Romualdo "Rambo" miał dobrać się do tyłka byłemu prezesowi, ale widać na razie PinoKKio może sobie spać spokojnie, razem ze swoją spółdzielnią. Być może jednak ostatnie działania świadczą o przygotowaniu OBSZERNEGO wniosku przeciwko brodaczowi, a być może jest to wielkie NIC a kara KNF jeszcze bardziej pogrąży spółkę. To jest okres budowania wiarygodności nowego prezesa.
zrozumcie to wreszcie ; Romuald nic, ale to nic nie uczyni przeciwko byłemu zarządowi, jest po prostu od nich w całości zależny, ten przekręt ma bardzo dobry scenariusz......

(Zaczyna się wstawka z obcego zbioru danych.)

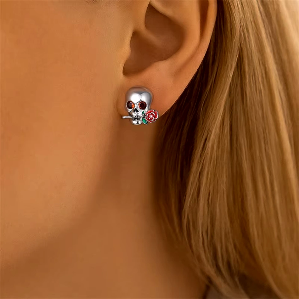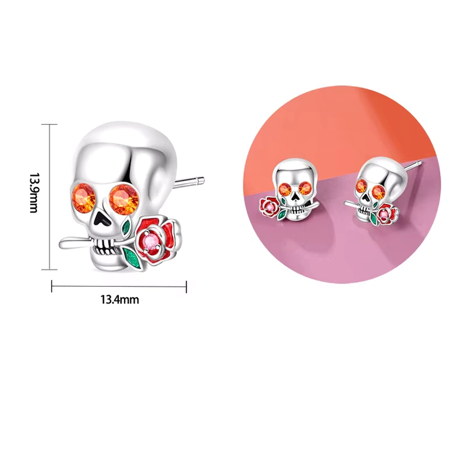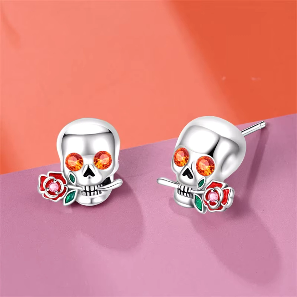 Affirme ton style avec ces boucles d’oreilles en argent 925 sterling : une tête de mort aux yeux orange étincelants, tenant une rose, pour une touche audacieuse et élégante. Vendues par paire

Były prezes spółki tak jak wszyscy prezesi polskich spółek odpoczywa na Karaibach , miejmy nadzieje że to był ostatni naciągacz na naszej giełdzie a swoją drogą rzadko można spotkać takiego tchórza i człowieka bez honoru mówię o Kliniewskim żeby nie było nieporozumień
Teoretycznie kiedyś można było złożyć skargę do pierwszego sekretarza , teraz do Pana Boga bo reszta tzn sądy , prokuratura i KNF ma nas głęboko w d.....pie
kiedyś pisałem do KNF w sprawie Kerdosu, w zasadzie działań PinoKKia, i NIC, kompletnie NIC przykładów jest wiele. Lepszy przykład to elektrim - to już wałek kompletny. A KNF nie widzi sprawy. Trzęsą portkami przed służbami. Państwo w państwie.